Identity and Background
Item 2 is hereby amended and restated as follows:
This Schedule 13D is being filed by Baird Hageman & Co., LLC (“Baird Hageman”), Gordon A. Baird (“Mr. Baird”), and Alvin G. Hageman (“Mr. Hageman” and together with Baird Hageman and Mr. Baird, the “Reporting Persons”). The Reporting Persons business address is 500 East Washington Street, Greenville, South Carolina 29601. Mr. Baird and Mr. Hageman are the sole authorized members of the Members Board of Baird Hageman and, therefore, each is in a position to determine the investment and voting decisions made by Baird Hageman. Mr. Baird’s principal occupation is the President and Chief Executive Officer of the Company. Mr. Hageman’s principal occupation is Co-Chief Investment Officer and Partner of MPIB Holdings, LLC, a company formed in 2011 by Mr. Hageman and Mr. Baird to develop proprietary software that will support transaction services banks. Mr. Baird and Mr. Hageman are citizens of the United States.

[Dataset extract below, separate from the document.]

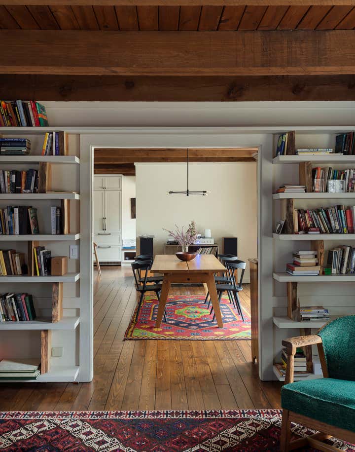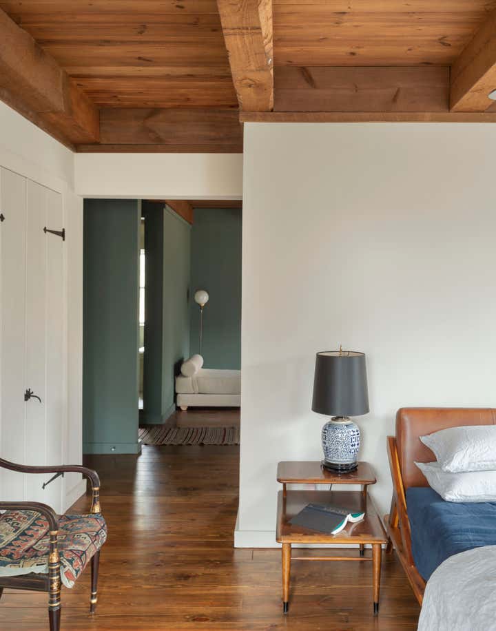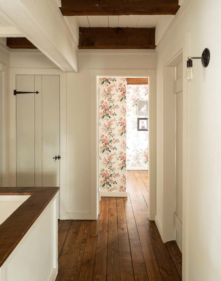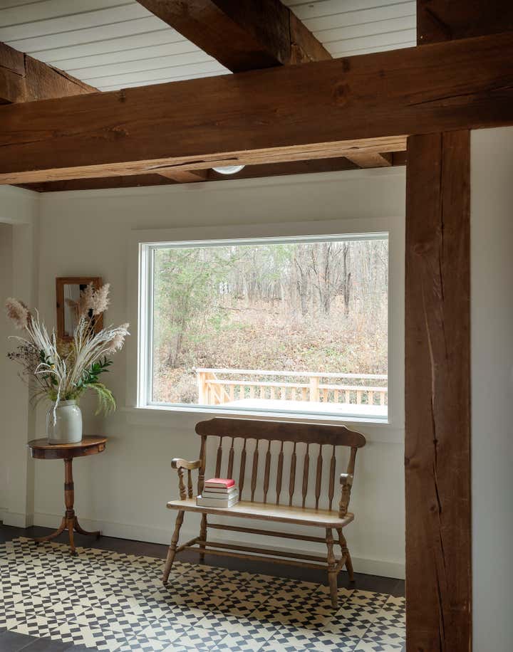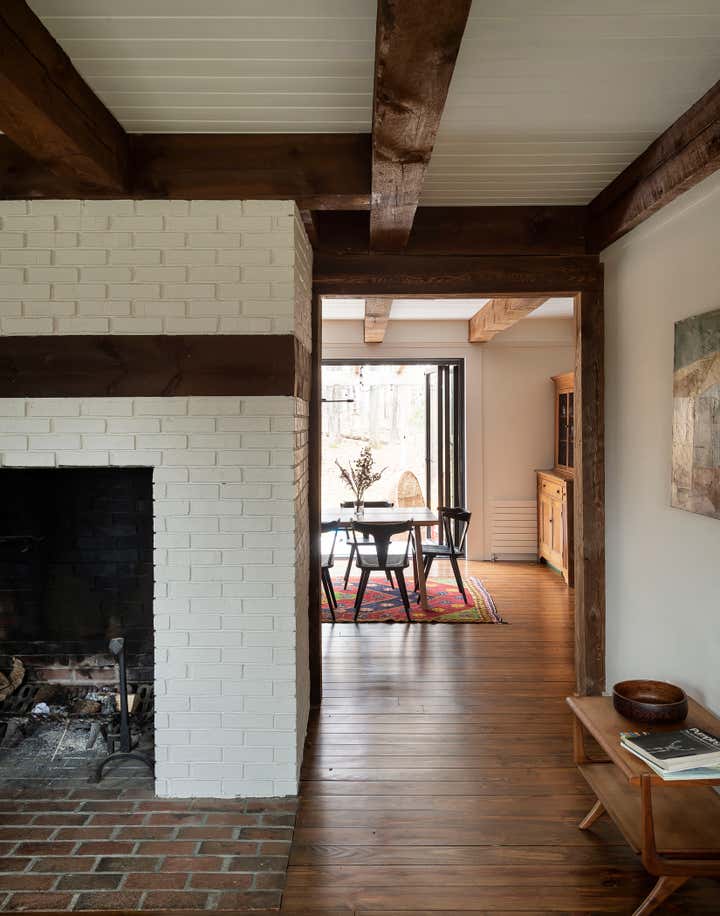 The river town of Hudson has become an escape for New York creatives looking for a little more space and a slower pace of life. The homeowners, who split their time between New York, Los Angeles, and London, came to us to brighten up and modernize their new country home located just outside the town. The original floor plan was broken up, leading to a dark interior and a disorienting circulation. In order to address these issues, we removed non-essential interior walls, added windows, and opened up an exterior wall with folding glass doors. The result is a more open and communal living space. The natural and neutral finishes throughout emphasize the heavy timber construction, which we took great care to not disrupt with the new plumbing on the second floor. In the home office, primary suite and guest room, color and vintage furnishings create spaces that break the neutral palette and mood. The guest room’s floral wallpaper for example, was salvaged to keep a little of the home’s history and the clients leaned into the patterns with their decoration and styling. The result of the renovation is a home that has been modernized to meet the needs of the family who live there, without losing the character that attracted them to the property. We are excited to see the house grow as the young family continues to add to it’s history.

During the last five years, neither Mr. Baird nor Mr. Hageman has been convicted in a criminal proceeding (excluding traffic violations or similar misdemeanors). During the last five years, neither Mr. Baird nor Mr. Hageman has been a party to a civil proceeding of a judicial or administrative body of competent jurisdiction as a result of which he was or is subject to a judgment, decree or final order enjoining future violations of, or prohibiting or mandating activities subject to, federal or state securities laws or finding any violation with respect to such laws.
Item 3.
Source and Amount of Funds or Other Consideration
Item 3 is hereby amended and restated as follows:
On December 31, 2012, Baird Hageman purchased 1,562,500 shares of Common Stock of the Company in a private offering for a total of $1,250,000 in cash. The shares of Common Stock were purchased by Baird Hageman with working capital.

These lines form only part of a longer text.